World goes mad and we are not immune, by Greg Sheridan.
[W]hat on earth is this jihad against poor old Wyatt Roy about? Finally a politician makes an effort to acquire serious strategic knowledge about the conflict in Iraq and all he gets is abuse. … No one, including former politicians, is legally or even ethically obliged to follow official Australian advice. … If he were a journalist we would be nominating him for an award. … The community reaction, of everyone kicking Roy as the designated villain of the week, reflects poorly on our political culture. …
Kevin Rudd’s unkillable bid to be secretary-general of the UN … The Turnbull government decided not to nominate him. … It turns out another country has offered to nominate Rudd. … Surely this is a diplomatic first …

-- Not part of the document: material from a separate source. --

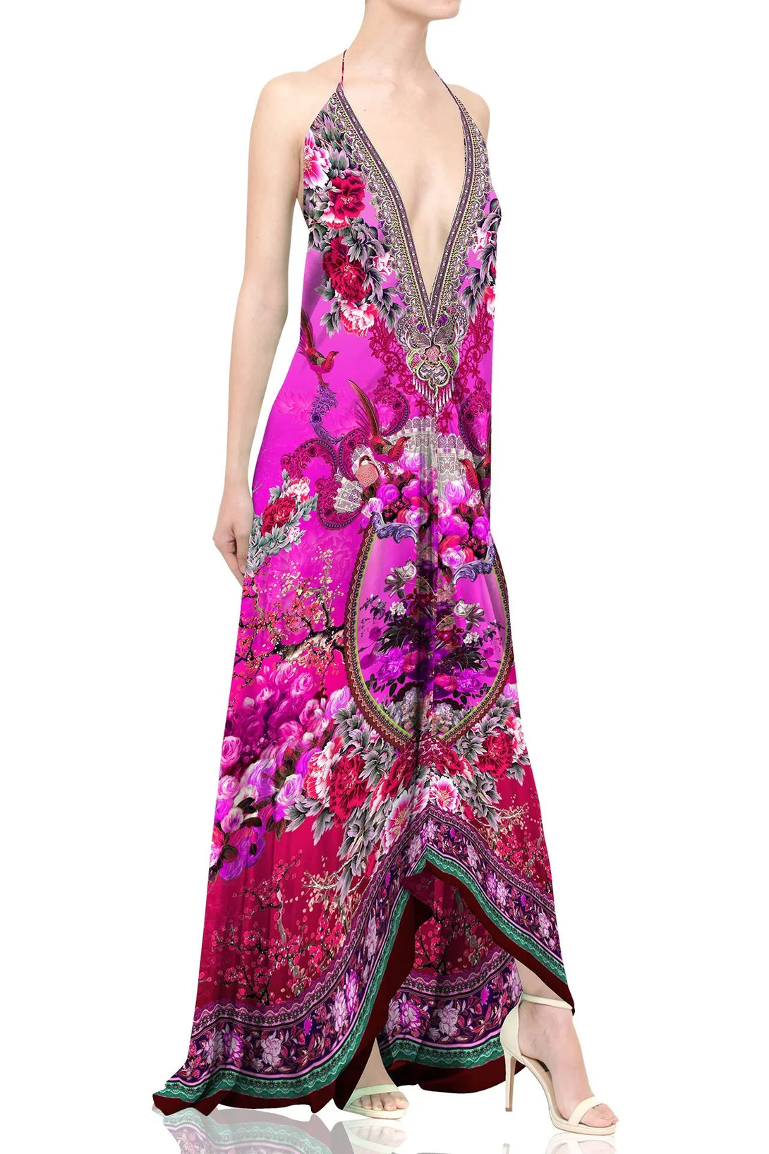 Multicolored and multi patterned maxi dress that can be used in multi ways -

The third sign of our energetic participation in the global madness is the vicious, ugly protest at the University of Sydney against an honorary doctorate for John Howard. … When I was an undergraduate at Sydney University back in the 1970s, a sizeable number of its academics supported Pol Pot, Mao Zedong and every other communist dictator. That made them all fellows in good standing in the university community. But a democratic giant like Howard — who won four elections perfectly peacefully, and lost two perfectly peacefully, and who has written two splendid books — is somehow or the other profoundly offensive to the newly authoritarian and deeply illiberal atmosphere dominant on our campuses. The truly mad element here is that this is the new atmosphere of our campuses in repose. Previously they became deeply intolerant during some political crisis, such as the Vietnam War. Now they are intolerant all the time.
And finally, South Australia, truly the Athens of the south. SA shows that, like Greece, economic misfortune will not drive it to good policy. A state with chronic unemployment, disinvestment and deindustrialisation is determined to have the most expensive and unreliable source of power in Australia, if not the Western world, providing maximum disincentive to any investment other than a socialist enterprise backed by the Australian taxpayer. This is what you get from modern centre-left governments — identity politics, green gestures, economic failure.